ELYSIS has the potential to reduce the carbon footprint of aluminium production
ELYSIS is a joint venture company led by Rio Tinto and Alcoa that is developing a new breakthrough technology, known as inert anode, that eliminates all direct greenhouse gases (GHGs) from the traditional smelting process and instead produces oxygen.
The technology has the potential to transform the aluminium industry, with a significant reduction in its carbon footprint.
The inert anode prototype cells will operate on a commercial scale typical for large modern aluminium smelters, using an electrical current of 450 kiloamperes (kA).
The Honourable Francois-Philippe Champagne, Minister of Innovation, Science and Industry joined representatives from ELYSIS, Rio Tinto and Alcoa to mark the start of construction and announce a further CAD $20mn financial contribution from the Government of Canada to support the project.
The federal government's financial support will enable the creation of a unique commercial size inert anode technology showroom for future customers and will help develop the supply chain by involving local and regional equipment manufacturers and suppliers in the project.
ELYSIS is working to complete the technology demonstration by 2024 followed by the commercialization activities.
ELYSIS technology at a glance:
- The ELYSIS technology addresses the global trend towards producing low carbon footprint products, from mobile phones to cars, planes and building materials.
- The new process will reduce operating costs ofaluminiumsmelters while increasing production capacity. It could be used in both new and existing aluminium smelters.
- In Canada alone, the ELYSIS technology has the potential to reduce GHG emissions by 7 million tons, the equivalent of removing 1.8 million cars from the roads.
- ELYSIS will also sell next-generation anode and cathode materials, which will last more than 30 times longer than traditional components.
Alcoa and Rio Tinto will continue to support the ELYSIS development program alongside the Governments of Canada and Quebec.
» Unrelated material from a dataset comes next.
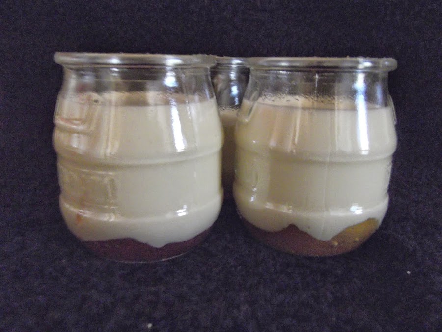 Por otro lado, colocamos en el fondo de los recipientes que vayamos a utilizar, en este caso he empleado unos pequeños vasos, un poco de la mermelada que más os guste, yo hice unos de fresa y otros de melocotón. Echamos por encima la crema de queso y los metemos a la nevera por un mínimo de cuatro o cinco horas, aunque se puede hacer de un día para otro. Como decoración yo he utilizado fresas, hay que aprovechar ya que estamos en temporada, y unas bolitas de chocolate.

ELYSIS is working closely with Alcoa's Technical Center, where the zero-carbon smelting technology was invented, and the Rio Tinto technology design team in France.
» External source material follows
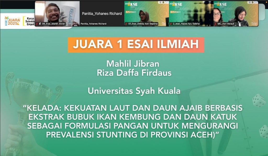 Dua mahasiswa Pendidikan Dokter Fakultas Kedokteran Universitas Syiah Kuala (USK), Mahlil Jibran dan Riza Daffa Firdaus, menorehkan prestasi gemilang di kancah nasional. Mereka berhasil meraih Juara 1 Lomba Esai Ilmiah KSE JUARA 2025, yang diselenggarakan oleh Paguyuban Karya Salemba Empat (KSE) Universitas Sumatera Utara. Kompetisi bergengsi ini mengusung tema “Innovate for Nusantara: Transformasi Ekosistem Nasional

Alcoa's Technical Center supports ELYSIS in the manufacture of proprietary materials for the new anodes and cathodes that are essential to the ELYSIS process. The Rio Tinto technology team in France is creating commercial scale designs for the ELYSIS technology.
Vincent Christ, CEO, ELYSIS commented: “This is a great day for ELYSIS. It means that we are becoming the first technology company in the world to build commercial-size inert anode cells. While we refine the technology in our R&D Centre, we start the construction of our prototype cells. This shows our confidence in our process and in the know-how of our team. The combination of ELYSIS' zero CO2 technology and Quebec's renewable energy will be great competitive advantage for the future. I would like to thank the government for its support and all the partners for their commitment.”
Samir Cairae, Rio Tinto Aluminium managing director Atlantic Operations and ELYSIS board member added: “Today marks a real step towards the future of the aluminium industry, by progressing this breakthrough technology to cut carbon emissions. Rio Tinto is committed to supporting its ongoing development here in Quebec where we already use clean hydropower to deliver some of the world’s lowest carbon aluminium. Combining this technology with renewable hydropower holds the promise of zero carbon aluminium smelting.”